Monday, August 18, 2008

Leaving the Nest

On Saturday morning glancing up from my packing at our Kiawah villa, I saw a gathering of people by an orange-topped stake in the sand. I put down the clothes I was folding, grabbed my camera and ran to the loggerhead turtle’s nest. The volunteer watching the site had noticed a problem, so she flagged down other volunteers, and they helped her dig. They found seventy-nine dead baby turtles, ones that had hatched, but not survived, and forty-some live babies, plus three unhatched eggs. They speculated that the incredibly heavy downpour we’d had a few days ago drowned the new hatchlings. Some of the “pips”, the babies who had just broken through their eggshells, still had umbilical cords and egg sacks attached. Others had carapaces soft on the underside. All of these were examined carefully and then returned to the nest. (The dead ones were taken away. They could attract predators which would kill the live babies--or worse, ants which would flood the nest and also kill the live babies.)

Now that the sand was loosened up above, and the rain was over, the hatchlings could draw nourishment and strength from their egg sacks before digging their way to the top. From there, they would cross the sand—a necessary activity for their survival. Long ago, volunteers discovered that if they picked up the babies and carried them across the sand, their internal “compasses” wouldn’t set. The hatchlings would be set down in the ocean, only to swim in circles, and provide easy pickings for predators and die.

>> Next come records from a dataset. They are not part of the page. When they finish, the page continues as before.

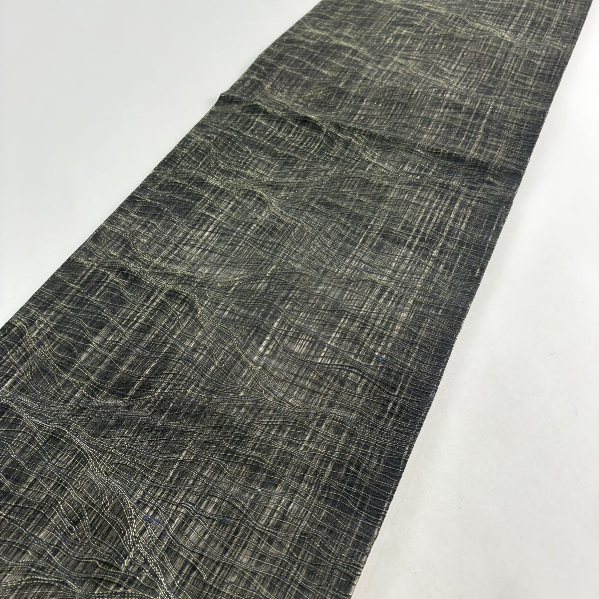 【美品】 袋帯 秀品 間道 片輪車 波 紹巴 黒灰 六通 正絹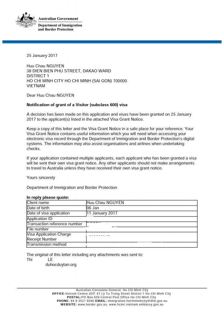 Chúc mừng anh Nguyễn Hữu Châu đã có visa Du lịch Úc!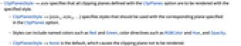 - ClipPlanesStyle->style specifies that all clipping planes defined with the ClipPlanes option are to be rendered with the specified style.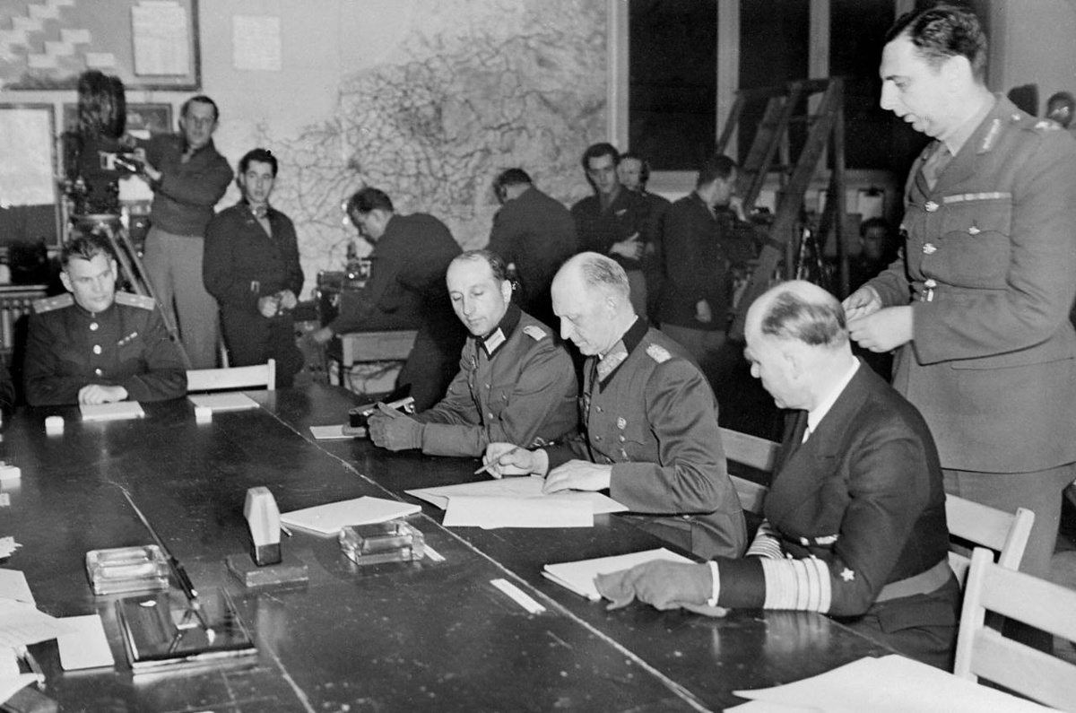 🔴🔴🔴🔴🔴🔴🔴 2️⃣ 😶😶😶😶😶😶😶 😶😶😶😶😶😶 Заместитель Верховного Главнокомандующего Вооружёнными Силами СССР Маршал Советского Союза Георгий Константинович Жуков подписывает Акт капитуляции Германии от имени советского командованияКапитуляция фашисткой Германии в Реймсе, 7 мая 1945 года. 🇷🇺🇷🇺🇷🇺🇷🇺🇷🇺🇷🇺
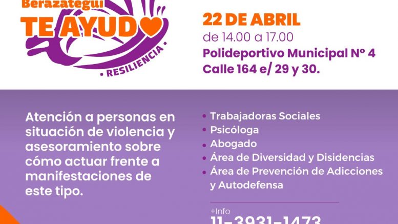 La Municipalidad de Berazategui informa que el viernes 22 de abril se realizará una jornada integral del Programa municipal Te Ayudo, en el Polideportivo Nº 4 del barrio Villa Mitre (calle 164 e/ 29 y 30), de 14.00 a 17.00.

I had the privilege of holding a struggling hatchling in my hand. The strength of his tiny legs—no longer than my thumb—amazed me as he pressed and pressed against the flesh of my hand. He was trying and trying to swim away. He looked calmly around as he lifted his small head, shaped and colored like a log. It's this similiarity that caused sailors to call these turtles “loggerheads." Always, he seemed to be moving toward the sea.

Watching those baby turtles reminded me that my son Michael must leave the metaphorical nest. He’s a “pip” right now—we’re taking him to college this week. My son’s fully formed, having broken out of his eggshell, that tender environment we’ve provided for him, and over the next few days his carapace will harden. But digging his way up through the sand, toward the surface, and crossing the treacherous sand (four or more years of college) is his journey to make.

This year, my son has struggled. Trying to push against us, only to be held back by our rules and curfew, trying to become a man, but still living at home and attending high school. On Thursday, we’ll perform one last duty as his parents. We’ll get him moved into his dorm room, then drive him to a nearby hospital and sit with him. My niece Lexie is having her baby—a boy! And the timing couldn’t be more perfect. Michael, my husband David and I will wait with my family until we can see our newest member. Then we’ll drive our son back to his new college home and say goodbye. Hello to baby Skyler Logan, and goodbye to college freshman Michael Harrison.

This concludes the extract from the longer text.